> **Goal of the exercise**
Retype only the lines below from the one with "The Ruby Cross" to the one with "Die WPC-Terrassendielen Piazza", inclusive, skipping every image.

> **Information supplied**

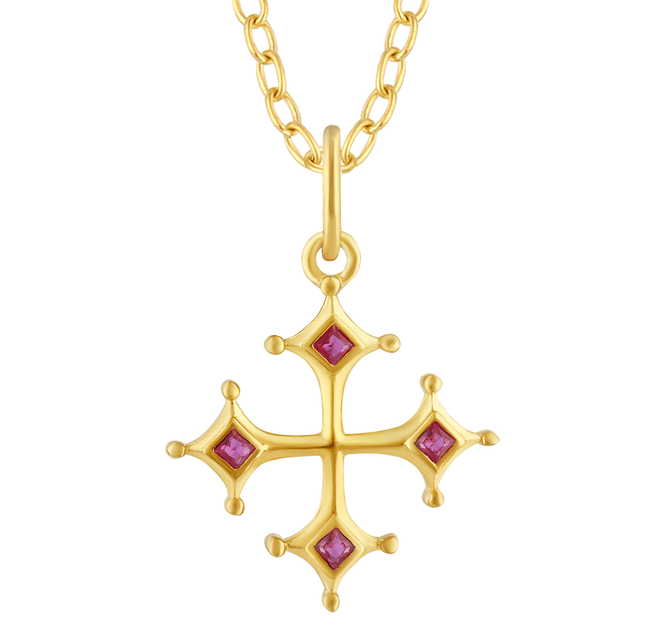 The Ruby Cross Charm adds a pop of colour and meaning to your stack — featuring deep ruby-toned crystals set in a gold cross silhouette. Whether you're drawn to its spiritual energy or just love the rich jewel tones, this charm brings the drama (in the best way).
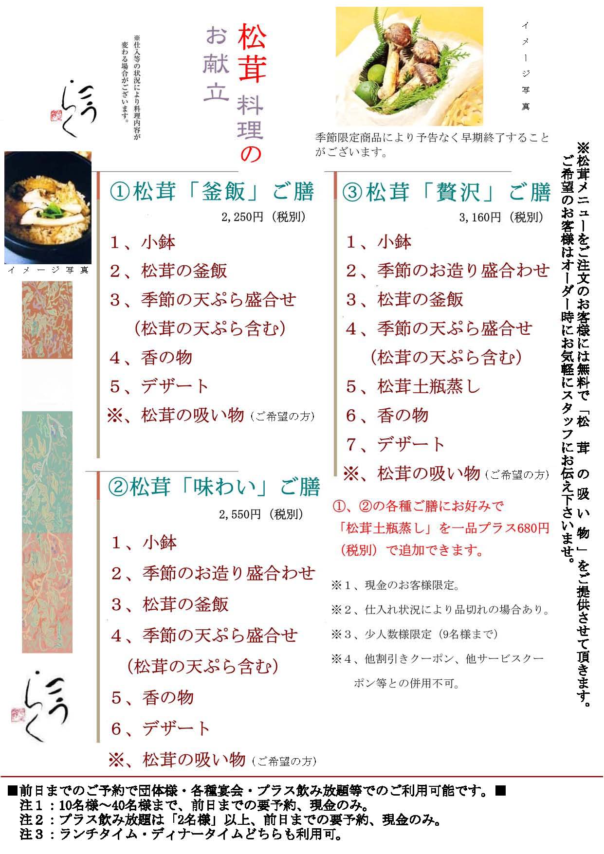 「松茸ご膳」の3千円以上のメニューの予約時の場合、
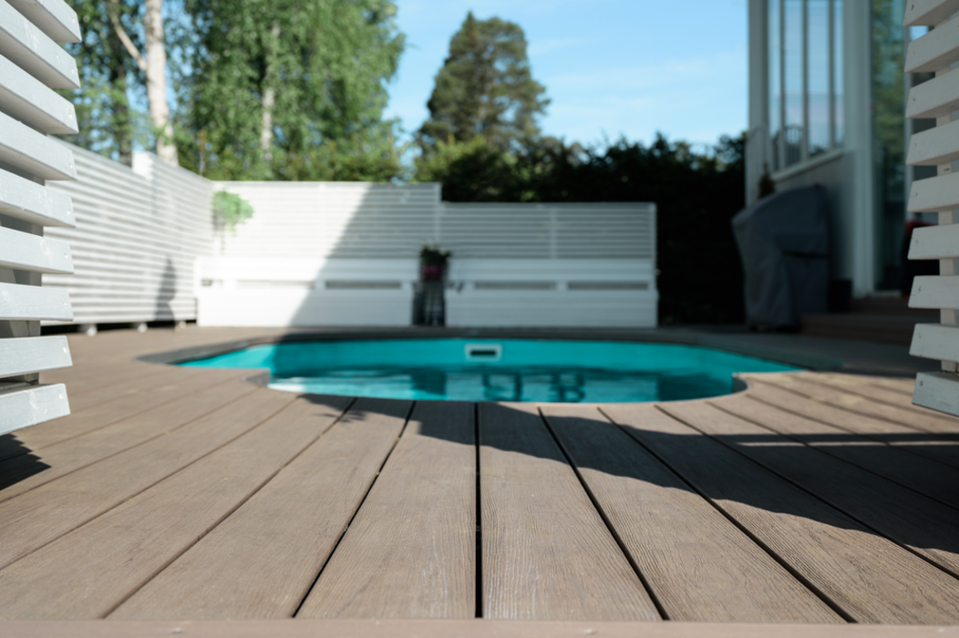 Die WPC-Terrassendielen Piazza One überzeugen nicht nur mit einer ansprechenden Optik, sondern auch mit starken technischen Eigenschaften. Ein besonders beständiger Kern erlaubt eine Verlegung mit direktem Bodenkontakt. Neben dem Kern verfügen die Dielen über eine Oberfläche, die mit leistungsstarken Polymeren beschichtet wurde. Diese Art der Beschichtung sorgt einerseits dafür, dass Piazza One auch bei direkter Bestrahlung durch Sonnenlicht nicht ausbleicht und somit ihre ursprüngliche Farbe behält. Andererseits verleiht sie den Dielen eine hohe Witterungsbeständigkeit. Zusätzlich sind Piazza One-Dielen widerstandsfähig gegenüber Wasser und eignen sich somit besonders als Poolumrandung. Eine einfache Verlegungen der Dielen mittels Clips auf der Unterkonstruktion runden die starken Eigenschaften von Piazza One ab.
...
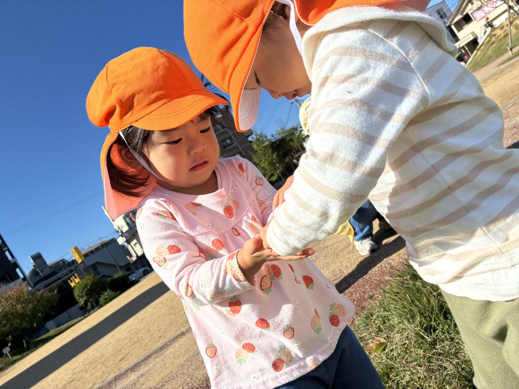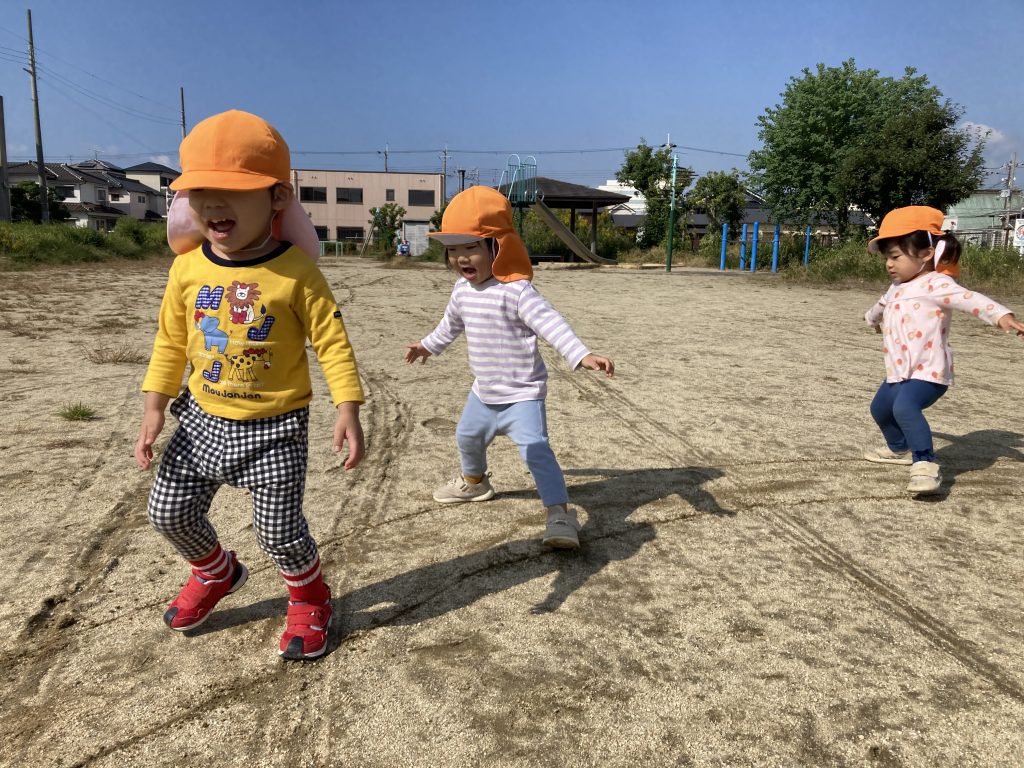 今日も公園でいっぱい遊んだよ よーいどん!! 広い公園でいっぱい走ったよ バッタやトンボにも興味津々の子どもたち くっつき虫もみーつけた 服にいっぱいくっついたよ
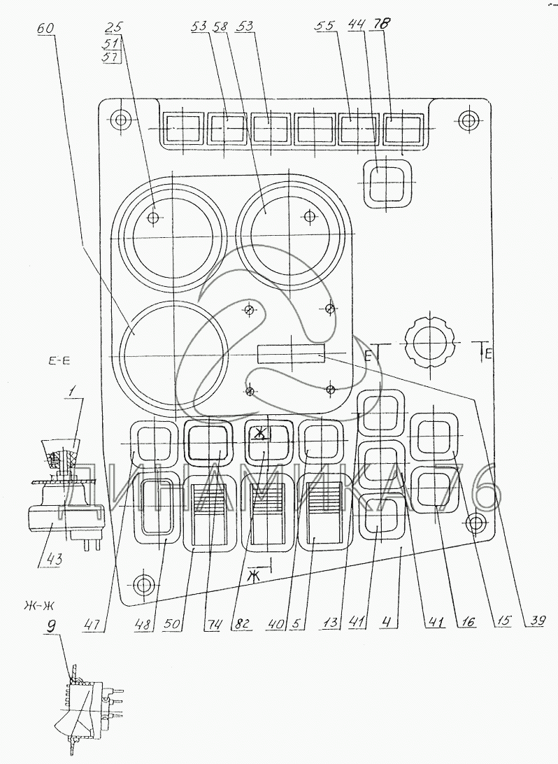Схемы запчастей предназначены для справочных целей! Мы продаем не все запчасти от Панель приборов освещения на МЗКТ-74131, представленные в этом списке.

> **Response box**
 The Ruby Cross Charm adds a pop of colour and meaning to your stack — featuring deep ruby-toned crystals set in a gold cross silhouette. Whether you're drawn to its spiritual energy or just love the rich jewel tones, this charm brings the drama (in the best way).
 「松茸ご膳」の3千円以上のメニューの予約時の場合、
 Die WPC-Terrassendielen Piazza One überzeugen nicht nur mit einer ansprechenden Optik, sondern auch mit starken technischen Eigenschaften. Ein besonders beständiger Kern erlaubt eine Verlegung mit direktem Bodenkontakt. Neben dem Kern verfügen die Dielen über eine Oberfläche, die mit leistungsstarken Polymeren beschichtet wurde. Diese Art der Beschichtung sorgt einerseits dafür, dass Piazza One auch bei direkter Bestrahlung durch Sonnenlicht nicht ausbleicht und somit ihre ursprüngliche Farbe behält. Andererseits verleiht sie den Dielen eine hohe Witterungsbeständigkeit. Zusätzlich sind Piazza One-Dielen widerstandsfähig gegenüber Wasser und eignen sich somit besonders als Poolumrandung. Eine einfache Verlegungen der Dielen mittels Clips auf der Unterkonstruktion runden die starken Eigenschaften von Piazza One ab.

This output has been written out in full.